# Available data
----------------------------------------

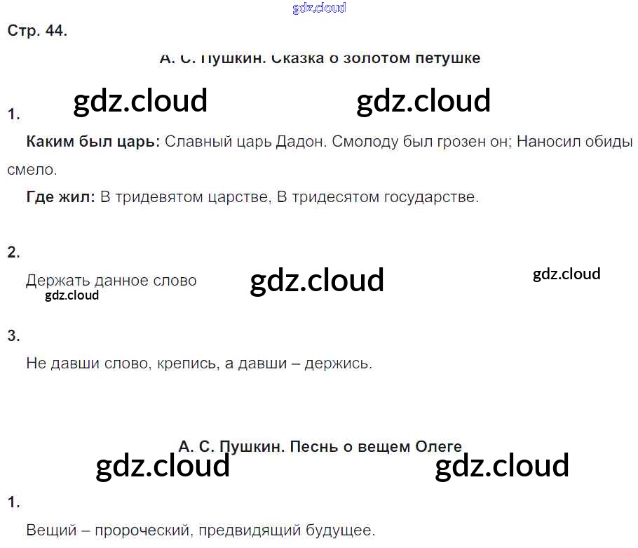 Ответ на задание стр.44 Рабочая тетрадь Литература за 4 (четвертый) класс Ефросинина Начальная школа XXI века 2020 Часть 1, 2
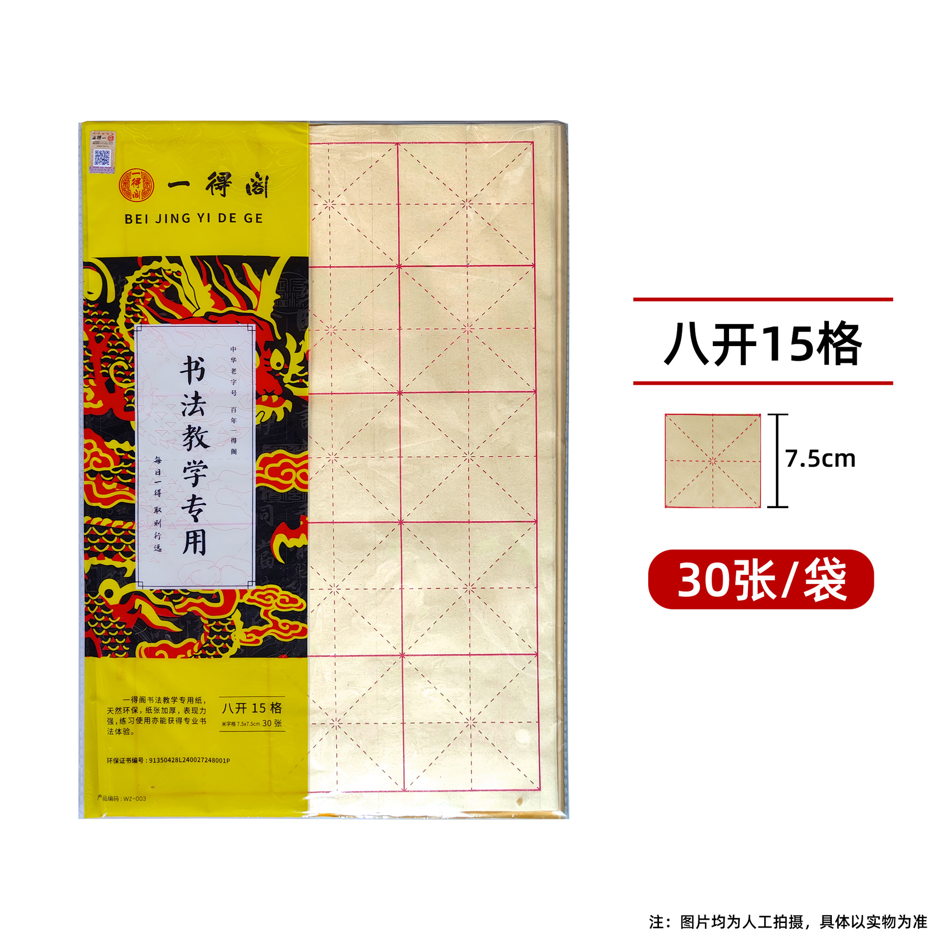 - Specifications: 8-open 15-grid raw edge paper with rice-character grid 7.5*7.5cm [30 sheets/bag]
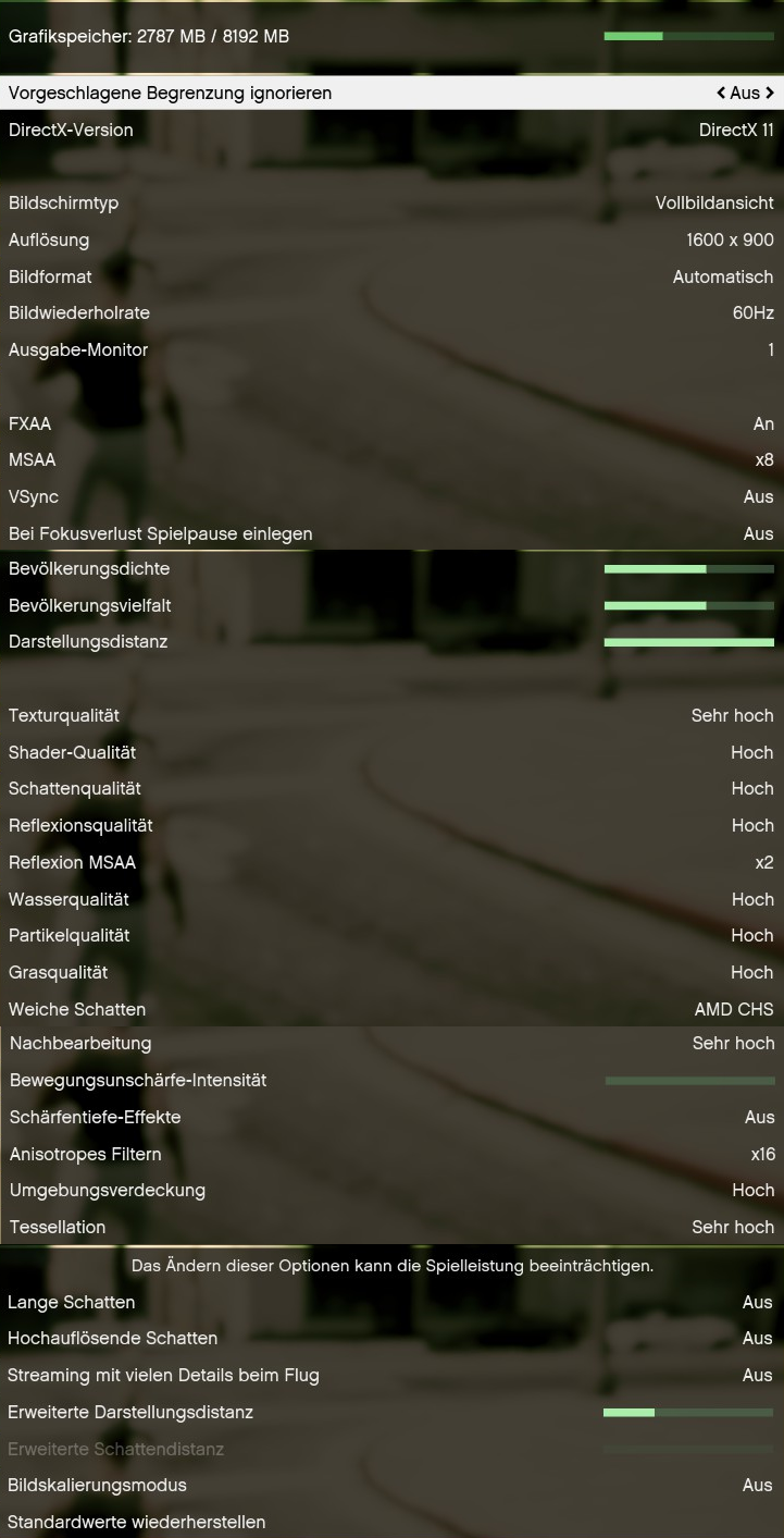 Allerdings stellt mich das ganze in GTA V vor Probleme, ich ich nun seit X Wochen nicht lösen kann. Nach dem Umstieg habe ich mich besonders auf GTA gefreut, da ich das vorher nur auf niedrigen bis mittleren Einstellungen spielen konnte. Ich war also immer ein nicht so besonders scharfes (da geringe Darstellungsdistanz) und nicht so hübsches (schlechte Kantenglättung) Bild gewöhnt. Meine restliche Hardware ist zwar nicht die Welt (Win 7, i5 4430 4x3Ghz, 16 GB RAM, ne mittelmäßige HDD), allerdings sollte es für ein ordentliches Bild in GTA durchaus reichen - Battlefield 1 läuft auf Ultra, Ghost Recon Wildlands bringt ein verdammt hübsches Bild hin usw.

----------------------------------------

# Work order
Once you find the line that contains "- Specifications: 8-open", give it again along with every later line through the end of the data, word for word, minus the pictures.

# Task output
 - Specifications: 8-open 15-grid raw edge paper with rice-character grid 7.5*7.5cm [30 sheets/bag]
 Allerdings stellt mich das ganze in GTA V vor Probleme, ich ich nun seit X Wochen nicht lösen kann. Nach dem Umstieg habe ich mich besonders auf GTA gefreut, da ich das vorher nur auf niedrigen bis mittleren Einstellungen spielen konnte. Ich war also immer ein nicht so besonders scharfes (da geringe Darstellungsdistanz) und nicht so hübsches (schlechte Kantenglättung) Bild gewöhnt. Meine restliche Hardware ist zwar nicht die Welt (Win 7, i5 4430 4x3Ghz, 16 GB RAM, ne mittelmäßige HDD), allerdings sollte es für ein ordentliches Bild in GTA durchaus reichen - Battlefield 1 läuft auf Ultra, Ghost Recon Wildlands bringt ein verdammt hübsches Bild hin usw.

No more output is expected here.